“Now the Lord provided a huge fish to swallow Jonah, and Jonah was in the belly of the fish three days and three nights. [And Jonah said] In my distress I called to the Lord, and he answered me. From deep in the realm of the dead I called for help, and you listened to my cry.” Jonah 1:17 & 2:1
Thank God for seaweed around your head.
Poor Jonah. God’s word had come to him saying he should go to Nineveh and “preach against them” because their wickedness had become offensive to God. It seems Jonah feared the people of Nineveh, because he headed instead to Tarshish.
Sometimes God disciplines us when we offend him, and so it was with Jonah. First hit by storm, then thrown overboard, and finally gobbled by a fish. The monster swam into dark waters, and Jonah felt threatened, banished, and cut-off. “The deep surrounded me; seaweed was wrapped around my head. To the roots of the mountains I sank down” (Jonah 2:5-6).
For three days…
Only then did Jonah come to his senses. “When my life was ebbing away, I remembered you, Lord, and my prayer rose to you, to your holy temple” (Jonah 2:7). Jonah’s prayer is worth imitating because he recognized his wrongdoing, humbled himself, and rededicated himself to God’s ways.

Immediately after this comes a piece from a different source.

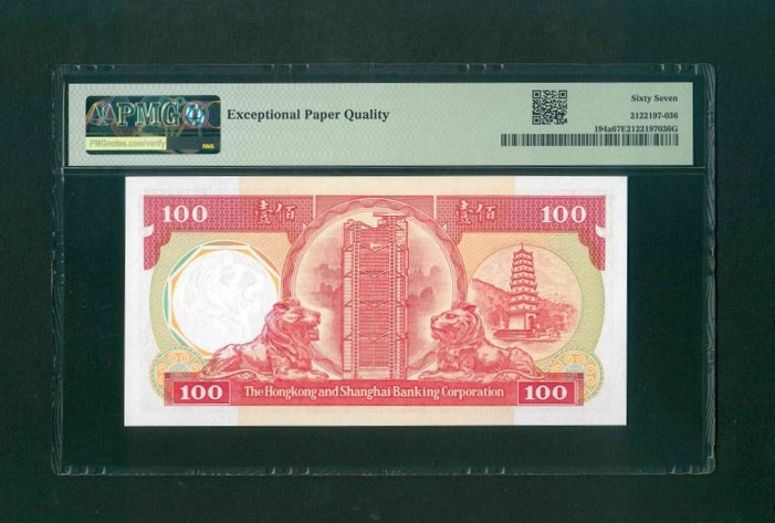1985 香港上海匯豐銀行$100 PMG 67 EPQ 編號: AA372761(頭版系列,頂級雪白)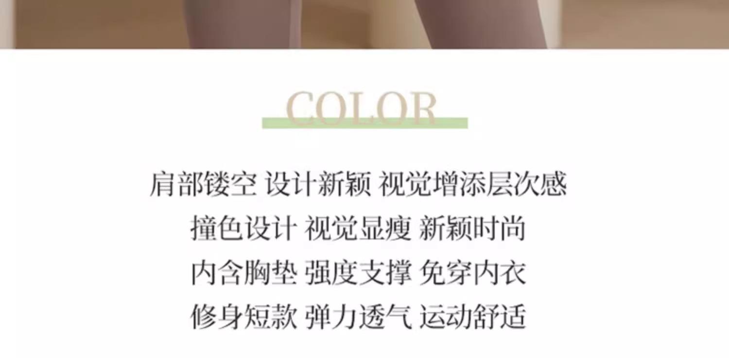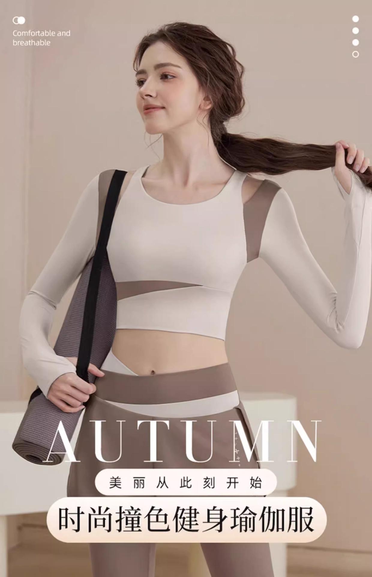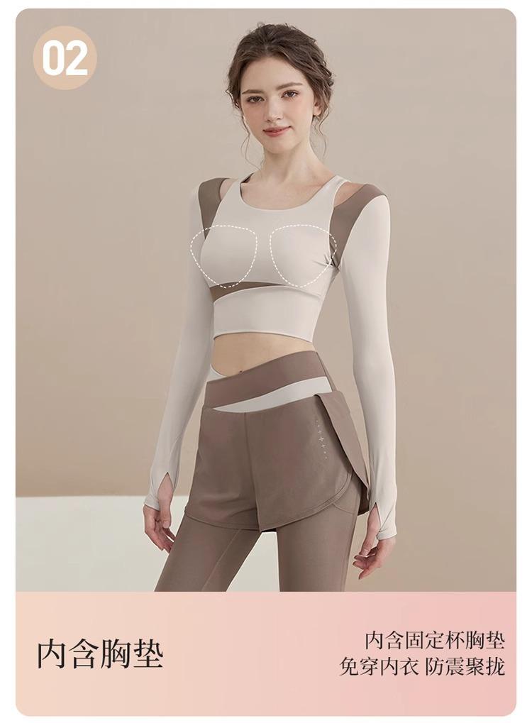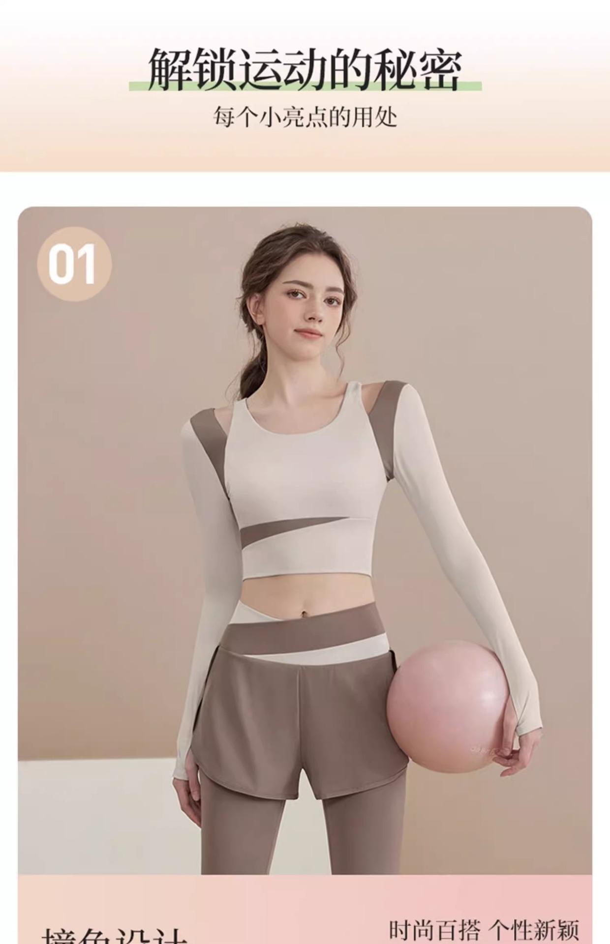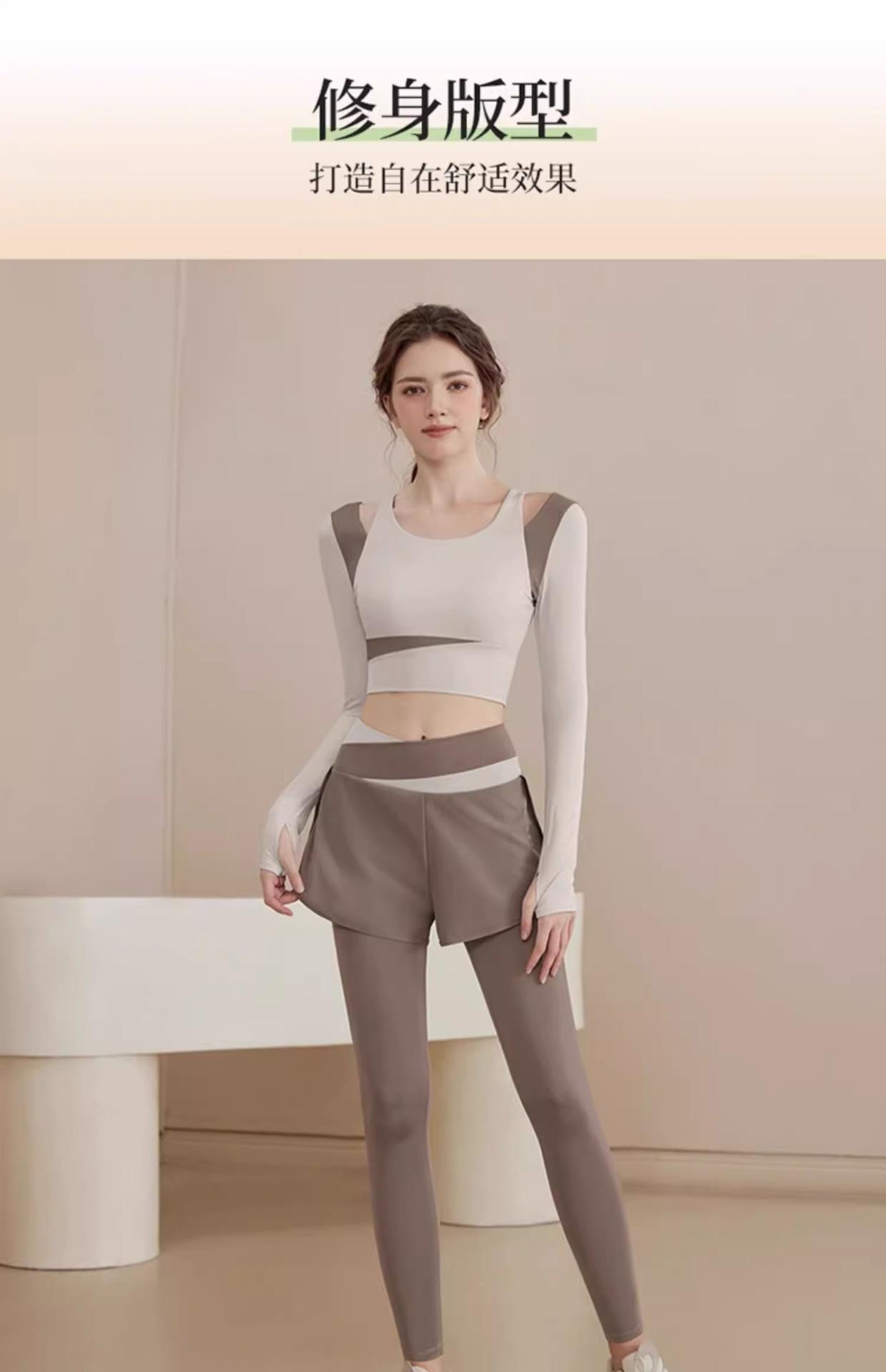 Brown top, Purple top, Brown top + coffee color fake two-piece yoga pants, Purple top + purple two-piece yoga ...

Eventually much good came from Jonah’s obedience. The Ninevites repented, left evil habits, and enjoyed peace with God. And his story was told for generations as an example of what happens when you go against God’s plans, but then repent.

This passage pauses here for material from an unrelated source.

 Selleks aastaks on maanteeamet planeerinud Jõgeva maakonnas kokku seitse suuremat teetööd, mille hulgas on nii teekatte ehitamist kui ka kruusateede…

Jonah’s story even has an “Easter” twist. When Jesus foretold of his death and resurrection, he said, “For as Jonah was three days and three nights in the belly of a huge fish, so the Son of Man will be three days and three nights in the heart of the earth” (Matthew 12: 40).
Sometimes I feel buried, alone, and hopeless from God’s discipline. However, in those dark places God is still working His plan — His redeeming, reconciling, renewing plan. And, just as Jesus rose from the earth to bring salvation, God can raise me up — like he did Jonah — to be an instrument of his redeeming peace among people.
Father God, thank you for your gracious discipline of me. Help me see your purpose in hardship as I seek to become more like your son, Jesus, and an instrument of reconciliation on earth. Amen.